[EM] What is the ideal election method for sincere voters?
Abd ul-Rahman Lomax
abd at lomaxdesign.com
Sat Mar 3 22:13:35 PST 2007
At 10:52 PM 3/3/2007, Scott Ritchie wrote:
>On Sat, 2007-03-03 at 02:06 -0500, Abd ul-Rahman Lomax wrote:
> > And, please, explain to me why a method that will work well for
> > selecting pizzas, with sincere votes, will not work well selecting
> > political officers, similarly with sincere votes. If you think that.
> > If we cannot agree on the best method with sincere votes, we are
> > highly unlikely to agree on the best method in the presence of
> > strategic voting, though I suppose it is possible....
>The answer for pizza selection should be fairly obvious - SOME form of
>proportional representation. No one is stupid enough to insist on
>buying 10 pizzas of the exact same type for a large party.
Right. However, the example is intended to examine single-winner. For
some reason, only one kind of pizza can be purchased. The case where
multiple pizzas can be purchased is simpler to resolve, though still
>It's interesting you bring up the pizza example, as it's one I so often
>like to use when describing voting systems. Sometimes people have very
>strong preferences (say, vegetarian), and we let them have a veto over
>meat unless we can order more than one. Sometimes people's favorite is
>very very bizarre (anchovies), but pepperoni is a good compromise.
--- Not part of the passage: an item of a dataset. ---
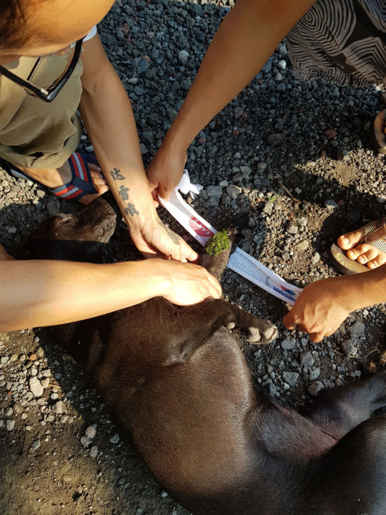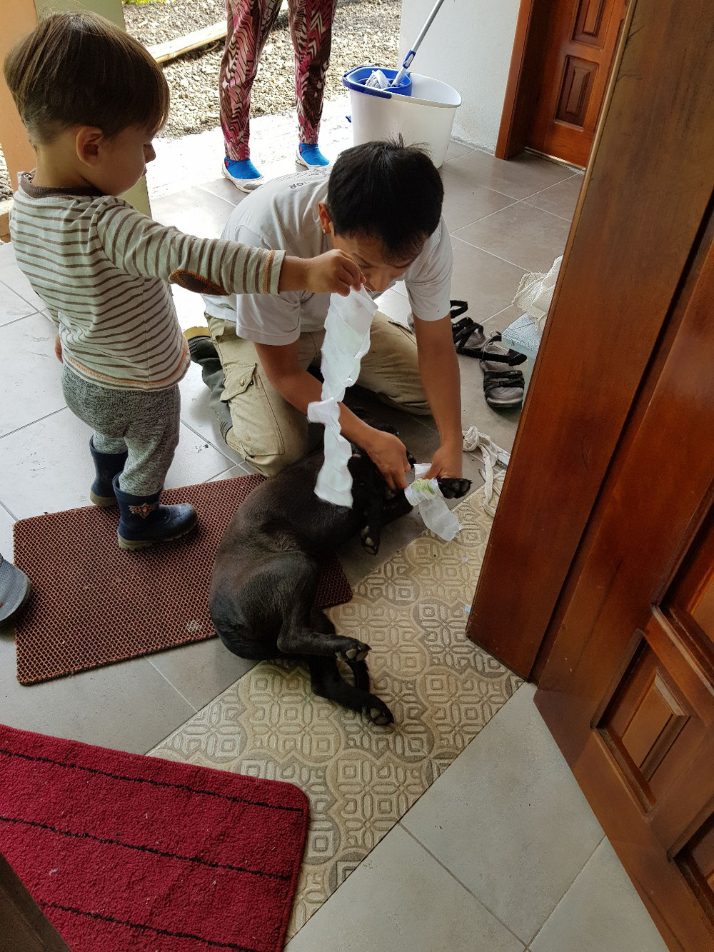Gleich zu Beginn der Quarantäne wurde unsere jüngste Hündin Chiquita von einem Auto angefahren. Da wir kein Auto zur Verfügung hatten und wir durch die Ausgangssperre nicht zum Tierarzt konnten, haben meine beiden Männer tatkräftig Hand angelegt. Ich staune immer und immer wieder über das breite Wissen von Leo. Die guten Gedanken unserer Freunde und das Kräuterwissen meines Mannes haben geholfen, dass unsere » kleine» nun fast vollständig genesen ist.
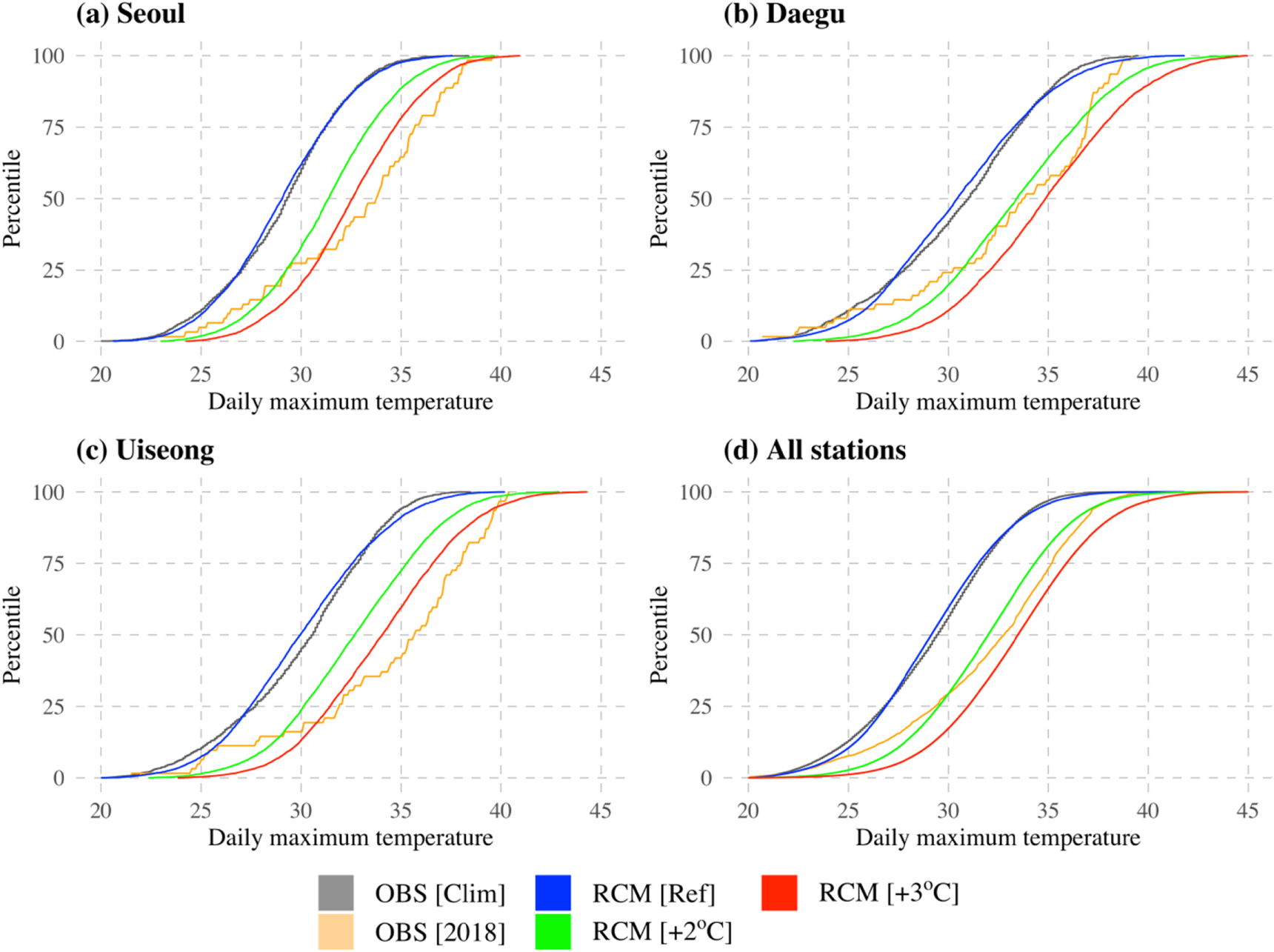 In summer 2018, South Korea experienced unprecedented extreme hot temperatures over its entire territory. The Korean Meteorological Administration (KMA) reported that record-breaking daily Tmax and consecutive hot days were repeatedly observed in 2018 (KMA 2019). For example, Tmax in Seoul rose to 39.6 °C, which is the highest value ever recorded in the 111 year observational history at that location. Furthermore, Tmax exceeding 40 °C was recorded at Hongchen (41 °C) and Uiseong (40.4 °C), which are unprecedentedly hot temperatures in Korea. The station-averaged number of heatwaves (defined as Tmax more than 33 °C over 2 d based on the criterion for heatwave advisory issued by the KMA) in Korea in 2018 was 31.4 d (9.8 d of average per year), which is the highest since observations commenced. Not only the maximum temperature, but also the minimum temperature set a new record, with an exceptionally long period of tropical nights (i.e. 17.7 d) compared to the climatological average (i.e. 5.1 d). Although in-depth analysis and further study are required for robust attribution of the observed record-breaking extreme temperatures in 2018, it is probably inexplicable in the absence of any anthropogenic influence. Indeed, Min et al (2014) and Kim et al (2018) demonstrated the anthropogenic influences on the summer 2013 Korean heatwave using the fraction of attributable risk approach, in which the probability of extreme events occurring is compared in two hypothetical worlds, one without and one with human influences.

Preference strength *matters* with pizzas. Why not with politicians?
>Importantly, though, just about everyone understands how proportional
>representation "works" for pizza selection with large groups - it simply
>doesn't matter what others are eating. This isn't quite so for real
>elections; people care that extremists are in the parliament (even if
>they're only 1% of it), but they don't care that some weirdos are eating
My own opinion is that excluding extremists from assemblies increases
and makes more dangerous their extremism. Anyone who can follow
assembly rules, maintaining decorum, should be allowed in -- if they
have sufficient support.
I've argued, similarly, that taking the vote from felons is harmful.
If so many people are felons that it affects elections, perhaps there
is something wrong with the laws! Now, there are procedural problems
that could justify not allowing incarcerated felons to vote, though
even that is problematic to me.
It's obvious that pizzas are different from politicians. Fewer
letters in the food name, for example. :-)
The point is about the selection process, not about the object being
selected. Election methods are about groups of people, particularly
groups large enough that informal deliberation is not practical,
making choices, and I think we err when we focus exclusively on
political elections. Certainly political elections have some unique
characteristics, but so do other choices.